Write again exactly the lines in the listing below, starting at the line with "It sleeps seven." and ending at the line with "CK-3 Great fixer-upper", both included. Pictures are not copied.

[Data extracts]

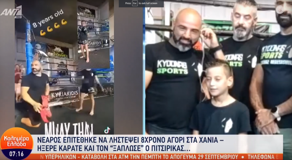 Το συμβάν έκανε γνωστό ο Γιώργος Παπαδάκης, σήμερα, μέσα από την Εκπομπή “Καλημέρα Ελλάδα”, στην οποία καλεσμένοι βρέθηκαν τόσο το 8χρονο αγόρι, όσο και οι ίδιοι οι προπονητές του από τη σχολή Kydonas Sports.
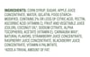 Corn Syrup, Sugar, Apple Juice Concentrate, Gelatin, Modified Food Starch (Potato), Pectin, Citric Acid, Malic Acid, Ascorbic Acid (Vitamin C), Modified Food Starch (Corn), Sodium Citrate, Coconut Oil*, Fruit and Vegetable Juices Added for Color (Black Carrot, Purple Carrot, Blueberry, Purple Sweet Potato, Cherry, Radish), Natural Flavors, Beta-Carotene (Color), Carnauba Wax*, Strawberry Juice Concentrate, Raspberry Juice Concentrate, Blackberry Juice Concentrate.
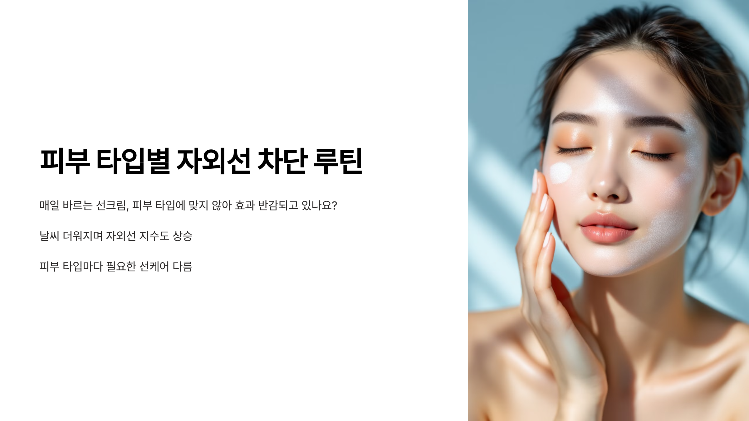 안녕하세요, 여러분! 요즘 날씨가 점점 더워지면서 자외선 지수도 함께 올라가고 있죠. 저는 지난주 해변가에 다녀온 후 제대로 선케어를 안 해서 얼굴이 새우처럼 빨개진 슬픈 경험이 있어요. 그 이후로 피부 타입에 맞는 자외선 차단제 사용법에 대해 공부했는데, 정말 피부 타입마다 필요한 선케어가 다르더라구요! 오늘은 제가 알게 된 피부 타입별 자외선 차단 루틴을 여러분과 나누고 싶어요.
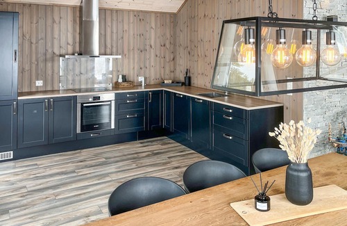 Situated on a small plateau, your vacation home welcomes you, combining modern elements with a cozy atmosphere for a vacation full of peace and community. The spacious kitchen becomes the natural meeting point in the house when you prepare your meals together and chat animatedly about your vacation experiences. The beautiful dining area invites you to enjoy long, convivial meals. Make yourself comfortable in the living area on the comfy sofas and seating, while nature awaits you outside. For cozy evenings, you can watch a good movie or read an exciting book and relax together.
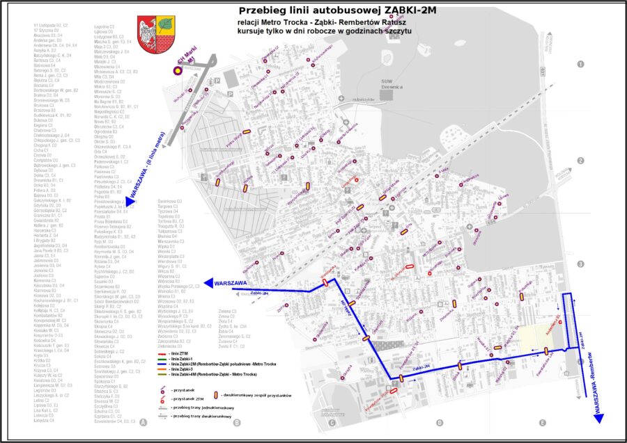 Ze względu na warunki i ograniczenia narzucone przez ZTM Warszawa na korzystanie z pętli przy stacji Metro Trocka (możliwość postoju tylko jednego autobusu i to przez bardzo krótki czas) oraz brak możliwości realizowania wydłużonych postojów na terenie Rembertowa– autobusy linii Ząbki-2M i 4M będą na wybranych kursach realizować dodatkowe postoje na trasie: rano i w ciągu dnia na przystankach Andersena, a po południu na przystanku Powstańców Park 02. Postoje umożliwią realizację wymaganych przerw dla kierowców oraz utrzymanie synchronizacji z innymi rozkładami- np. pociągów. – postoje są zaznaczone na rozkładzie jazdy.
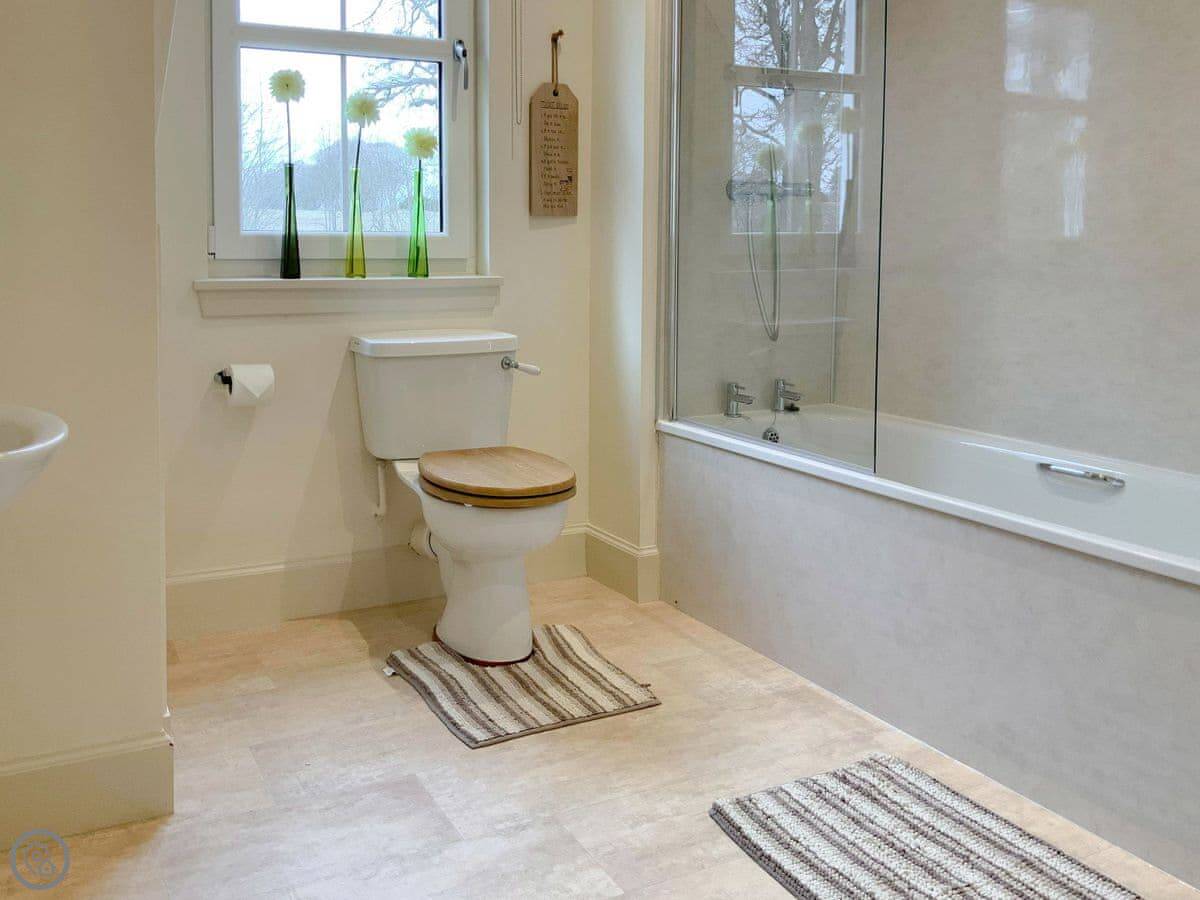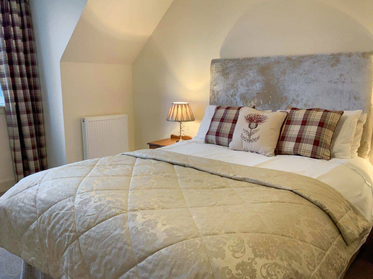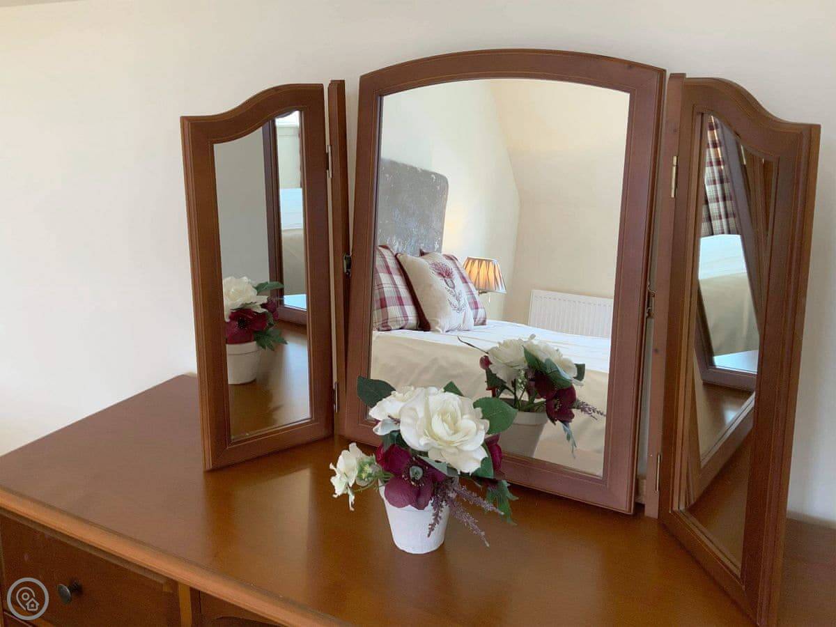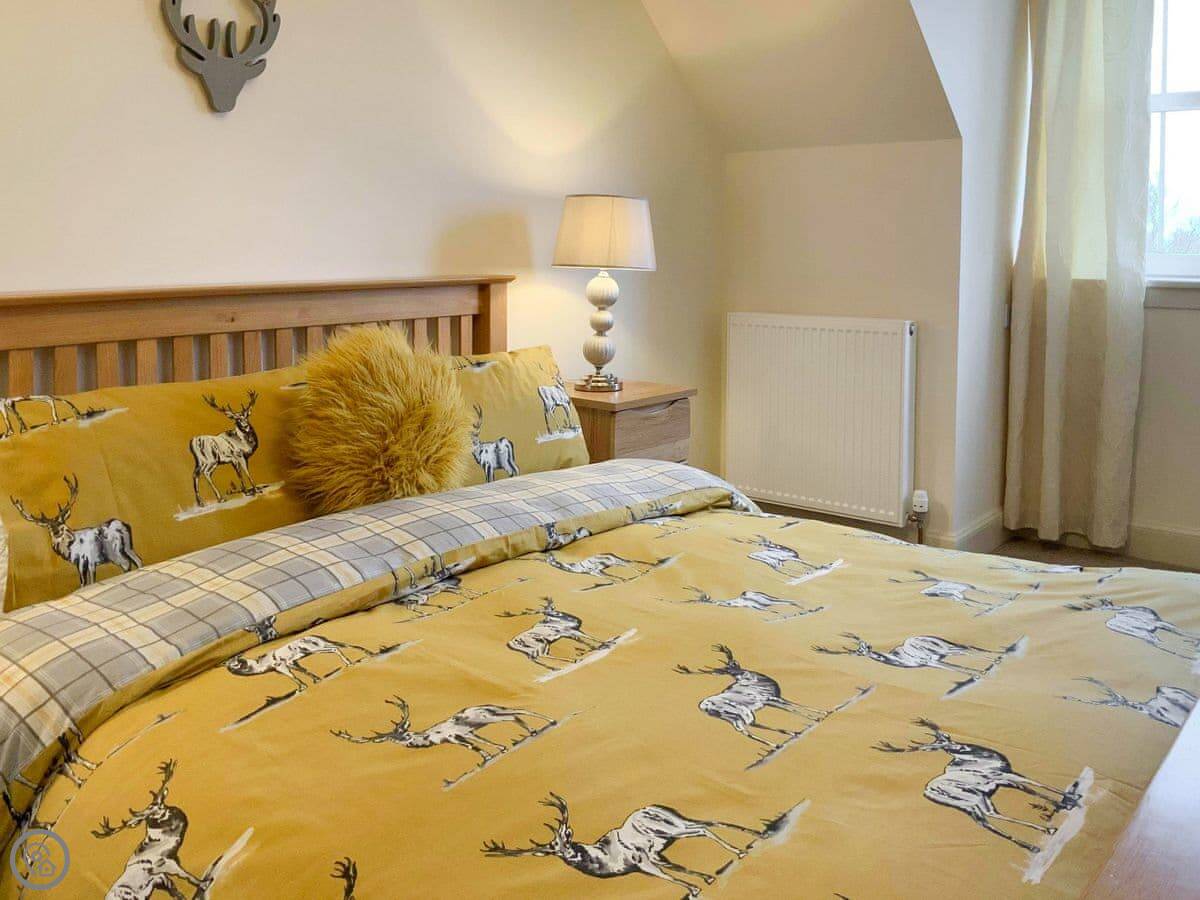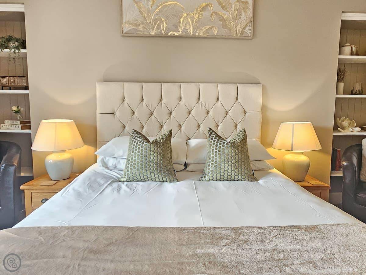 It sleeps seven. Four bedrooms, two bathrooms. One of the bedrooms is downstairs. That's a kingsize with its own shower room off the hallway. Upstairs, there are two more kingsize rooms and a single. The family bathroom is up there too. It's got a 5 Star rating, so it's comfortable and well looked after.
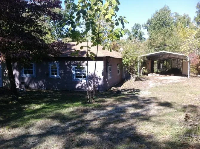 CK-3 Great fixer-upper home close to the Lake and situated on four beautiful lots in Bull Shoals. There is a nice private drive, large carport, nice back deck and two outbuildings. Agent owned.
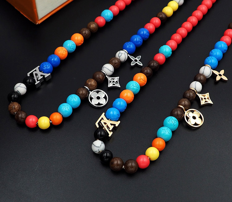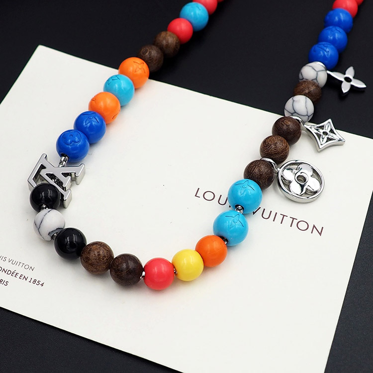 Louis Vuitton LV adjustable cord embellished wooden inscription metal beaded necklace-3950

[/Data extracts]

Answer area:
 It sleeps seven. Four bedrooms, two bathrooms. One of the bedrooms is downstairs. That's a kingsize with its own shower room off the hallway. Upstairs, there are two more kingsize rooms and a single. The family bathroom is up there too. It's got a 5 Star rating, so it's comfortable and well looked after.
 CK-3 Great fixer-upper home close to the Lake and situated on four beautiful lots in Bull Shoals. There is a nice private drive, large carport, nice back deck and two outbuildings. Agent owned.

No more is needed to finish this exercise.